OTHER THEMES PUBLISHED IN THIS IMMUNOLOGY IN THE CLINIC REVIEW SERIES

Allergy, Host Responses, Cancer, Type 1 diabetes and viruses, Metabolic diseases.

Summary

Autoinflammatory syndromes are disorders characterized by the hyperactivation of the innate immune system in the absence of microbial infection or autoantibody production.
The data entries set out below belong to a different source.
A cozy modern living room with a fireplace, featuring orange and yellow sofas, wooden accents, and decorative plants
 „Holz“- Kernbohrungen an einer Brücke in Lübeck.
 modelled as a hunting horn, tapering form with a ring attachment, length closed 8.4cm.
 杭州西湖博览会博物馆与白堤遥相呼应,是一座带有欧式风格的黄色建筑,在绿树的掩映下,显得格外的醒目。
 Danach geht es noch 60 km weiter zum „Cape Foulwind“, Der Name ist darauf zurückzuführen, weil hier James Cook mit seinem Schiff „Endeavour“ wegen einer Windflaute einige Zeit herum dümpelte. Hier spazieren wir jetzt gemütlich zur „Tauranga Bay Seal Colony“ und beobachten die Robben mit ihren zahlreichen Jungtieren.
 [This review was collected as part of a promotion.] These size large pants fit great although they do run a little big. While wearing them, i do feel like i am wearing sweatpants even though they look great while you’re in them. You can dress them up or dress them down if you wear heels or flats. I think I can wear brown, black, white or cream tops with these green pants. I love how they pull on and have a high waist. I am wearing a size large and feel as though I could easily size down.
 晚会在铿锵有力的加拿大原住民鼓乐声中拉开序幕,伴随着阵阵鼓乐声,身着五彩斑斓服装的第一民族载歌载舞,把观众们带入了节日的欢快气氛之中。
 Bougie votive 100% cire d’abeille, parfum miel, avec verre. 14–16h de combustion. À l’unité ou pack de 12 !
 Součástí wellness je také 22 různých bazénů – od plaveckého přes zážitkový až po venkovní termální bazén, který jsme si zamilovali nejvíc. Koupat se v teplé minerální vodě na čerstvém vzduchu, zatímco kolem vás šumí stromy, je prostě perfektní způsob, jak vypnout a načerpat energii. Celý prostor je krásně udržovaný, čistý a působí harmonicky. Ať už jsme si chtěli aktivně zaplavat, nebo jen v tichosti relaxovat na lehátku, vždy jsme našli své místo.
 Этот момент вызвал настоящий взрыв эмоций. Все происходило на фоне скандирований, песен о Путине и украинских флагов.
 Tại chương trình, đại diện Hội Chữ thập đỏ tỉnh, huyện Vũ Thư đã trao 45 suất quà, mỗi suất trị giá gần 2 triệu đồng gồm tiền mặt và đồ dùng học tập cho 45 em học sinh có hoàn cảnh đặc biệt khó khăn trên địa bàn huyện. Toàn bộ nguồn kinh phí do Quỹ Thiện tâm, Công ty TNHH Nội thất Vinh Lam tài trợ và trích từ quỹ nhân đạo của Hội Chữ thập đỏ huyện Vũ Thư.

Some autoinflammatory syndromes are associated with recurrent episodes of fever and systemic inflammation that are caused by dysregulated activation of inflammasomes, molecular platforms responsible for the activation of caspase-1 and the production of interleukin (IL)-1β. In this review we will discuss the role of IL-1β and the inflammasomes in host defence and how mutations of two genes, NLRP3 and PYRIN, leads to the autoinflammatory syndromes, cryopyrin-associated periodic syndromes (CAPS) and familial Mediterranean fever (FMF). Both CAPS and FMF are characterized by increased inflammasome activity and overproduction of IL-1β which is ultimately responsible for disease manifestations. Importantly, understanding the molecular mechanisms of these syndromes has led to effective treatment for these rare diseases with biological drugs that target IL-1β-mediated signalling.